Scrive Walser in una lettera: "Per l’autore di queste righe ci fu un momento in cui si sentì colto da una spaventosa avversione per la penna, un momento in cui ne fu nauseato in modo indescrivibile, in cui appena cominciava ad usarla diventava stupido di colpo: per liberarsi di quel tedio della penna iniziò a schizzare, sbozzare, scarabocchiare".

La conversione dalla penna alla matita, anche se non così definitiva, avviene prima dell’ingresso in clinica. Da quel momento cominciò a scrivere ‘con’ la matita nel senso di ‘insieme’ alla matita. Sotto la sua dettatura, dice altrove, reimparo a scrivere come un bambino.

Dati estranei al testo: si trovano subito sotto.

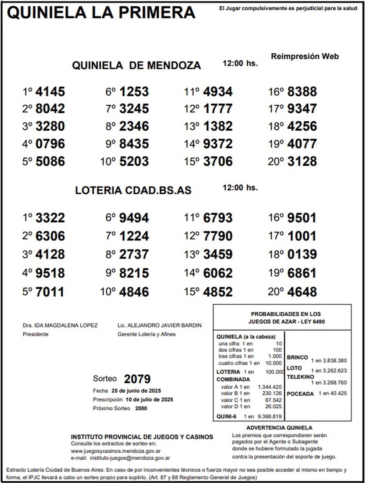 Resultados Quiniela de Mendoza: La Primera del 25 de junio de 2025

La vita di Robert Walser è disseminata di segnali della volontà di non lasciar traccia. Vera propensione a sparire. Cercava di proposito lavori servili. Mestieri in cui dovevi eseguire, obbedire a qualcosa che fosse di esecuzione non troppo impegnativa, e in cui l’iniziativa nasceva fuori di te. Uno ti chiede una cosa e tu la fai. Impiegato, copista. Non soltanto quello dei microgrammi, il suo stile è stato sempre di una leggerezza, mutevolezza, vaporosità che difficilmente può tollerare in quelle dosi, senza vacillare, una mente sana. La mente di Walser poteva entrare e uscire da tanta incorporeità restando al di qua della follia. Sebbene non di molto. Righe tanto ondulanti e tanto aeree venivano vergate senza un ripensamento. Quattro romanzi e una quantità di raccolte di racconti, ritratti, articoli, brevi ‘saggi’, scritti quasi senza una correzione come poi i microgrammi di Herisau. L’uso della matita non era dunque per poter, nel caso, cancellare, eppure sapeva che volendo avrebbe potuto far sparire pure quei tratti abbozzati. Il segno della matita resta, ma lascia una traccia meno visibile. Il desiderio di sparire, mettersi in un angolo a guardare. La gioia dell’esserci sparendo. E il giorno che sparì per davvero fu in una delle sue passeggiate, camminando nella neve. Lo scrittore da tanti anni solo a matita traccia un cammino nella neve, un passo dopo l’altro, non deviando per non affondare, ma sempre guardando fuori e dentro di sé. Procede secondo quella linea e quella via segnata, nella libertà del paesaggio intorno, bianco di neve, e nella libertà di dentro.

Dino Buzzati, nel raccontino che avevamo cominciato, è alquanto walseriano nel procedere disarticolato, fluido e singhiozzante insieme: "E la antica mia penna che adoperavo da bambino – ci deve essere ancora – chi è più capace di trovarla? Avevo anche, per scuola, un piccolo calamaio tascabile, vi ricordate? Ma miliardi di uomini nel frattempo sono morti e nati, e con essi deve essere stato sepolto. Perciò scrivo con la matita. Un mozzicone, veramente, trovato in una vecchia scatola, per caso. Gli ho fatto la punta, amici miei, e sulla poca carta bianca che rimane stasera io scrivo".